◆ WORK TO BE COMPLETED
Using the data below, print exactly the line with "6月1日,上海工程技术大学2", the line with "In the next", and every line between them, but none of the pictures.

◆ GIVEN INFORMATION
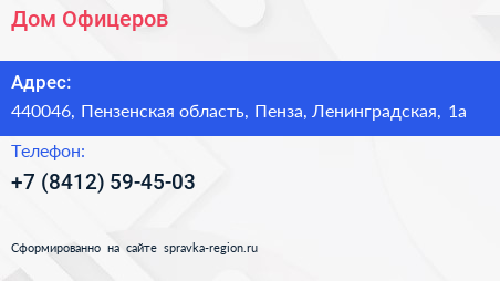 Дом Офицеров по адресу 440046, Пензенская область, Пенза, Ленинградская, 1а в дальнейшем Организация, размещена в следующих категориях:
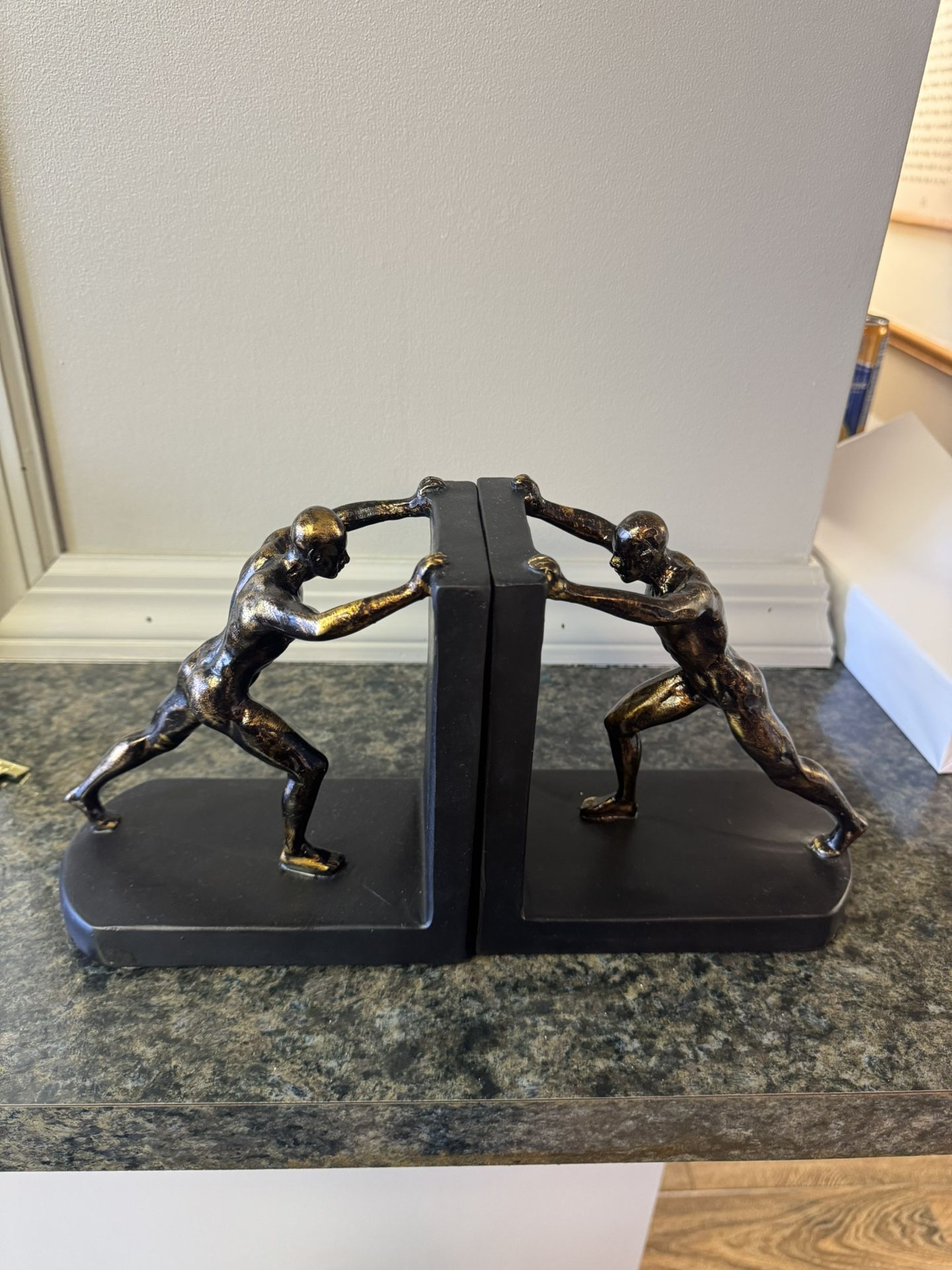 Unique and eye-catching set of two bronze-tone bookends, each featuring a stylized human figure in a dynamic pushing pose. Perfect for office shelves, home libraries, or modern décor setups. ✨ Features: • Heavy, stable resin with metallic bronze finish • Artistic “Pushing Figures” design — symbolic of strength and balance • Felt bottoms to protect surfaces • Excellent condition with only minor wear on the base Dimensions (each): approx. 7” H × 6” W × 3” D 💸 $45 OBO 📍 Pickup in New Castle, PA Adds personality and sophistication — a great accent piece for desks, shelves, or office displays.
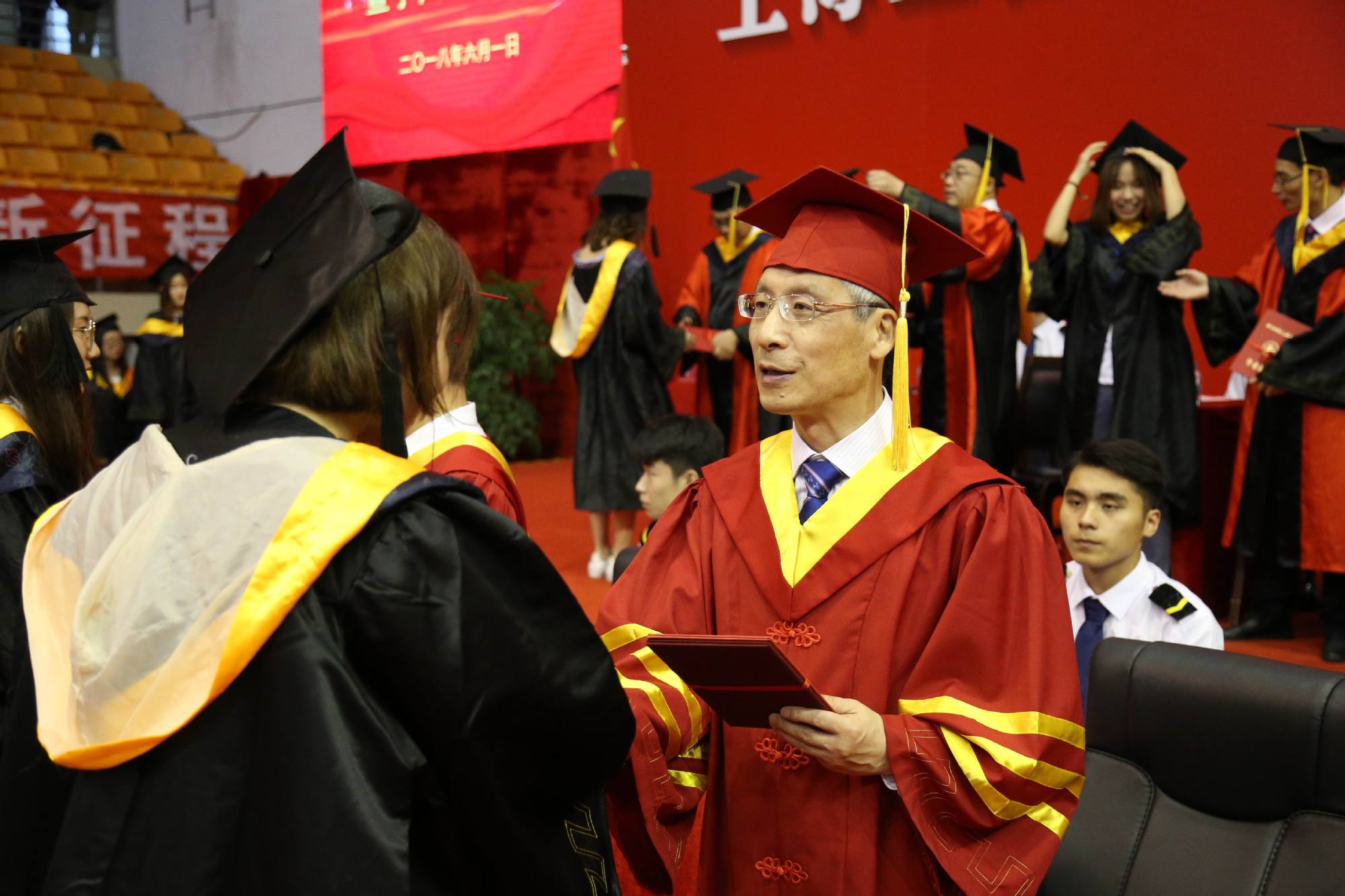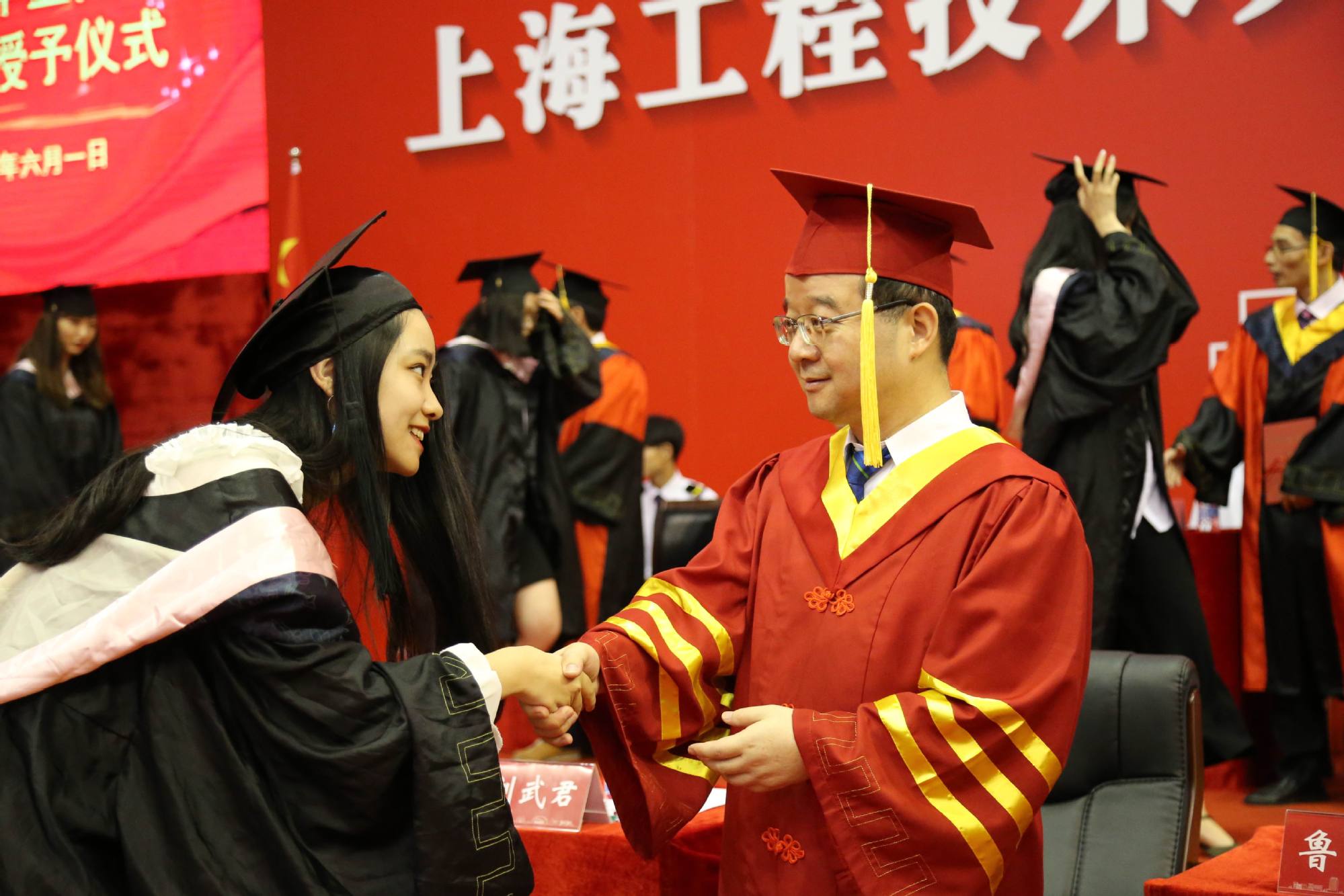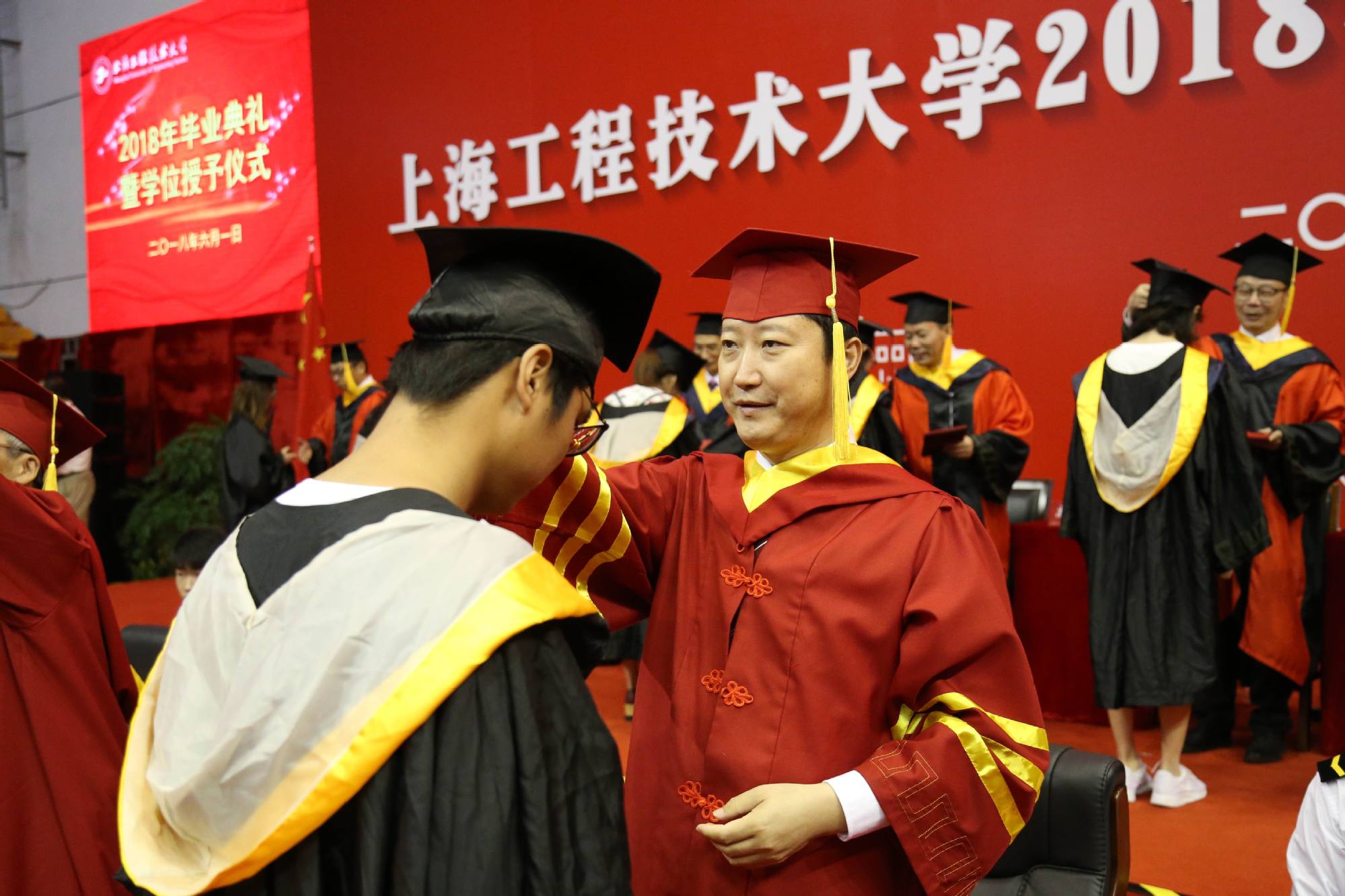 6月1日,上海工程技术大学2018年毕业典礼暨学位授予仪式在松江校区体育馆隆重举行。校党委书记李江,校党委副书记史健勇、鲁嘉华,校党委副书记、副校长朱晓青,副校长刘武君、姚秀平,以及校学位评定委员会成员、相关处室负责人、各学院党政负责人、教师代表、毕业生辅导员、班主任(导师)、2018届全体毕业生以及部分毕业生家长出席了本次典礼。毕业典礼由朱晓青副书记、副校长主持。
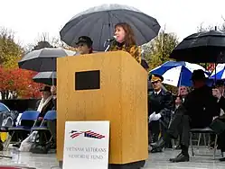 ![]() Diane Carlson Evans addresses an audience at the Vietnam Veteran's Memorial Wall in Washington, D.C., on Veterans Day, Nov. 11, 2009. | |
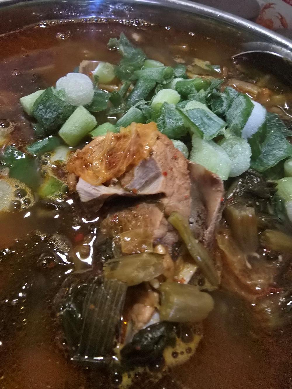 압력솥이 딸랑거리기 시작한 뒤, 불을 중간불로 낮추고 5분에서 10분 정도 끓여주면 완성입니다. 먹기 좋도록 일반 냄비로 옮기고, 냉동실의 얼린파를 살짝 얹어주었어요.
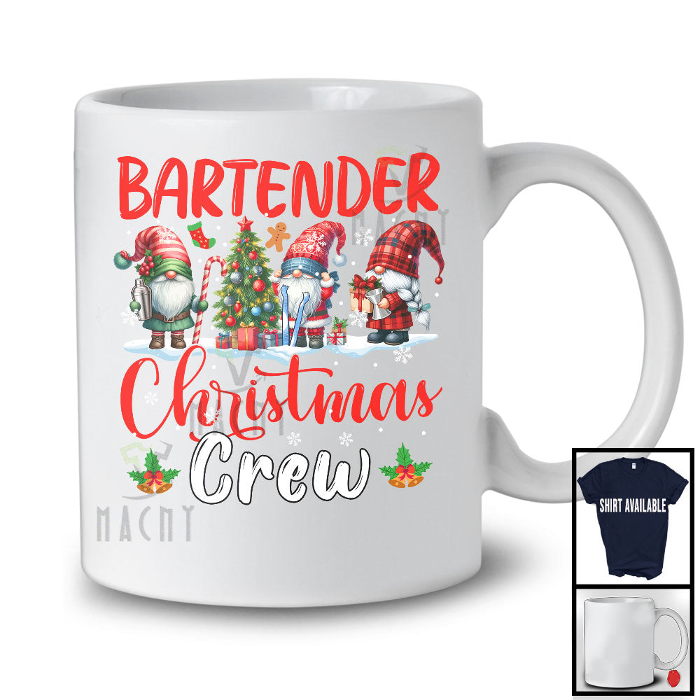 Bartender Christmas Crew; Adorable X-mas Tree Three Gnomes; Snowing Bartender Group T-Shirt
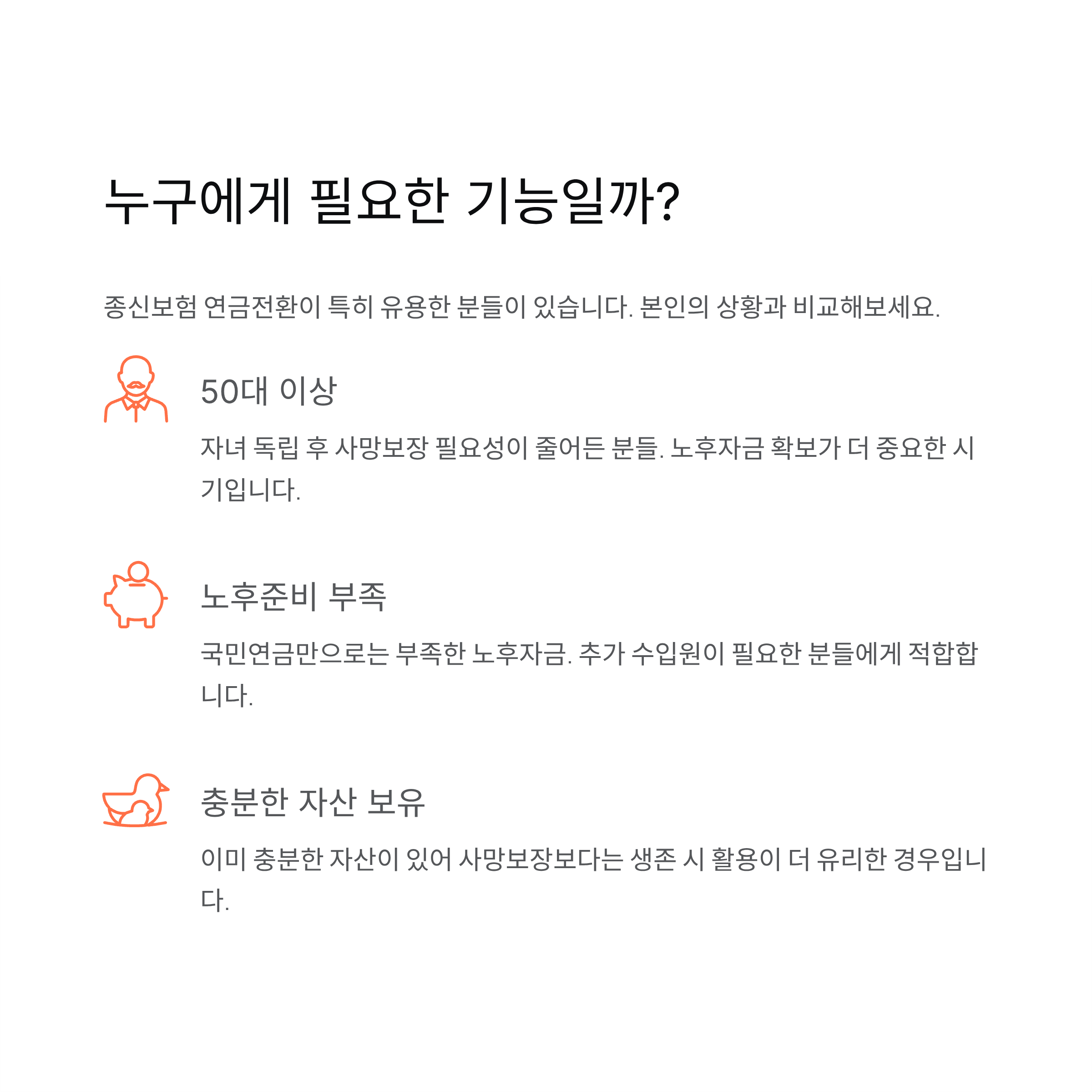 ✅ 자녀들이 모두 성장하여 더 이상 고액의 사망 보장이 필요 없어진 은퇴자
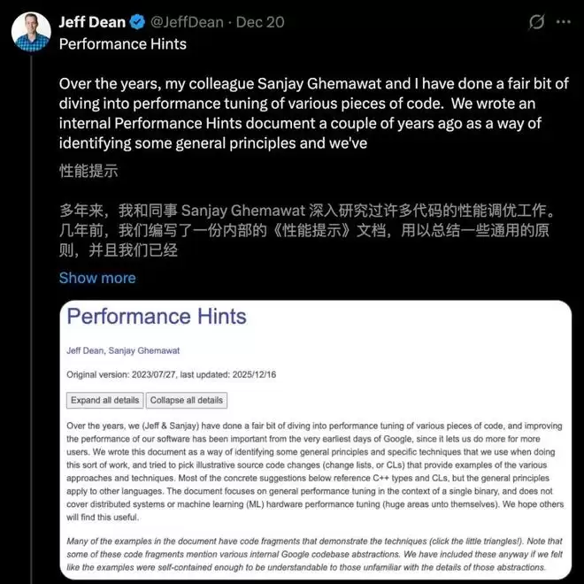 就在这种氛围下,Google的传奇工程师Jeff Dean更新了一份老文档:Performance Hints。
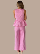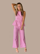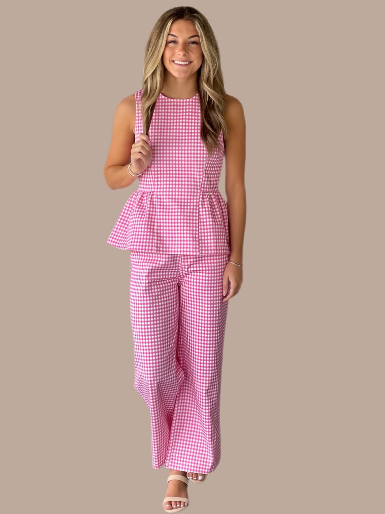 Complete your classic wardrobe with this timeless gingham set. The sleeveless peplum top features a structured waist seam and convenient back zipper closure, while the straight leg pants offer a flattering silhouette with button-front closure and functional zip-fly. Both pieces showcase lightweight, woven fabric that's non-sheer and unlined for breathable comfort. Practical front and back pockets on the pants add everyday functionality. Crafted from a soft cotton-spandex blend, this versatile set transitions effortlessly from casual days to polished occasions. Fabric: 97% Cotton, 3% Spandex Fit: True to Size.
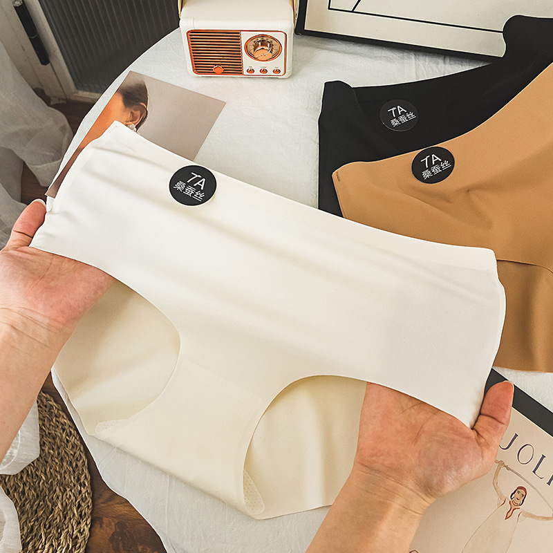 冰丝内裤女7桑蚕丝底裆舒适透气简约纯色高弹中腰无痕女士三角裤
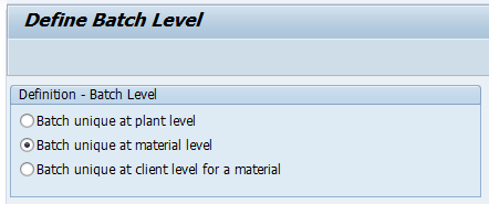 In the next screen (Figure 2) select the Batch unique at material level radio button and click the save icon.
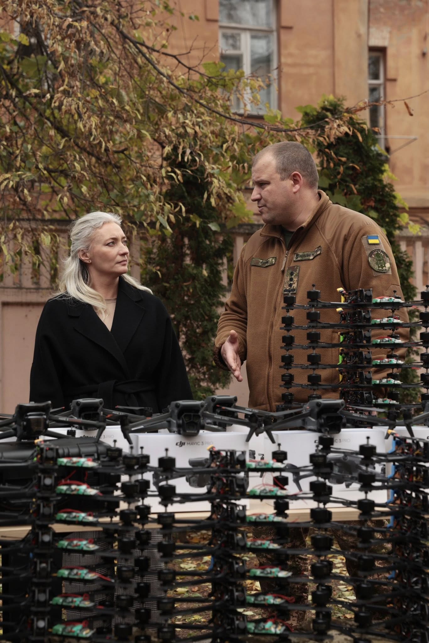Як повідомила Перша заступниця начальника ОВА Наталя Заболотна, воїнам 40-го полку Національної гвардії України передали безпілотники FPV 10, DJI Mavic 3 Thermal, DJI Mavic 3 Pro, а також антитепловізійні плащі.
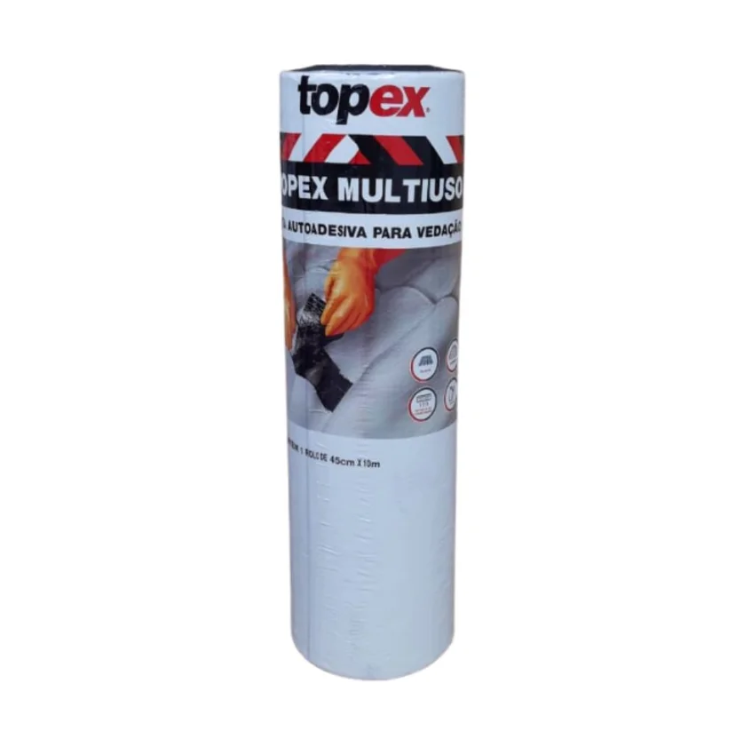A Fita Asfáltica Topex é autoadesiva, o que facilita a aplicação e garante uma vedação rápida e eficiente. Ela é resistente a diversos tipos de clima, incluindo chuva e sol, e possui alta durabilidade, garantindo que sua aplicação seja duradoura. Além disso, a Fita Asfáltica Topex é atóxica, o que garante a segurança de sua família e do ambiente. Com 10 metros de comprimento e 45 centímetros de largura, a Fita Asfáltica Topex é ideal para diversas aplicações, como telhados, rufos, chapas metálicas, dutos de ventilação e ar condicionado, sheds, capelas, vedações de domos e claraboia, reparos rápidos em baús, toldos e similares, e sistemas de deflexão térmica.

◆ EXERCISE RESULT
 6月1日,上海工程技术大学2018年毕业典礼暨学位授予仪式在松江校区体育馆隆重举行。校党委书记李江,校党委副书记史健勇、鲁嘉华,校党委副书记、副校长朱晓青,副校长刘武君、姚秀平,以及校学位评定委员会成员、相关处室负责人、各学院党政负责人、教师代表、毕业生辅导员、班主任(导师)、2018届全体毕业生以及部分毕业生家长出席了本次典礼。毕业典礼由朱晓青副书记、副校长主持。
 ![]() Diane Carlson Evans addresses an audience at the Vietnam Veteran's Memorial Wall in Washington, D.C., on Veterans Day, Nov. 11, 2009. | |
 압력솥이 딸랑거리기 시작한 뒤, 불을 중간불로 낮추고 5분에서 10분 정도 끓여주면 완성입니다. 먹기 좋도록 일반 냄비로 옮기고, 냉동실의 얼린파를 살짝 얹어주었어요.
 Bartender Christmas Crew; Adorable X-mas Tree Three Gnomes; Snowing Bartender Group T-Shirt
 ✅ 자녀들이 모두 성장하여 더 이상 고액의 사망 보장이 필요 없어진 은퇴자
 就在这种氛围下,Google的传奇工程师Jeff Dean更新了一份老文档:Performance Hints。
 Complete your classic wardrobe with this timeless gingham set. The sleeveless peplum top features a structured waist seam and convenient back zipper closure, while the straight leg pants offer a flattering silhouette with button-front closure and functional zip-fly. Both pieces showcase lightweight, woven fabric that's non-sheer and unlined for breathable comfort. Practical front and back pockets on the pants add everyday functionality. Crafted from a soft cotton-spandex blend, this versatile set transitions effortlessly from casual days to polished occasions. Fabric: 97% Cotton, 3% Spandex Fit: True to Size.
 冰丝内裤女7桑蚕丝底裆舒适透气简约纯色高弹中腰无痕女士三角裤
 In the next screen (Figure 2) select the Batch unique at material level radio button and click the save icon.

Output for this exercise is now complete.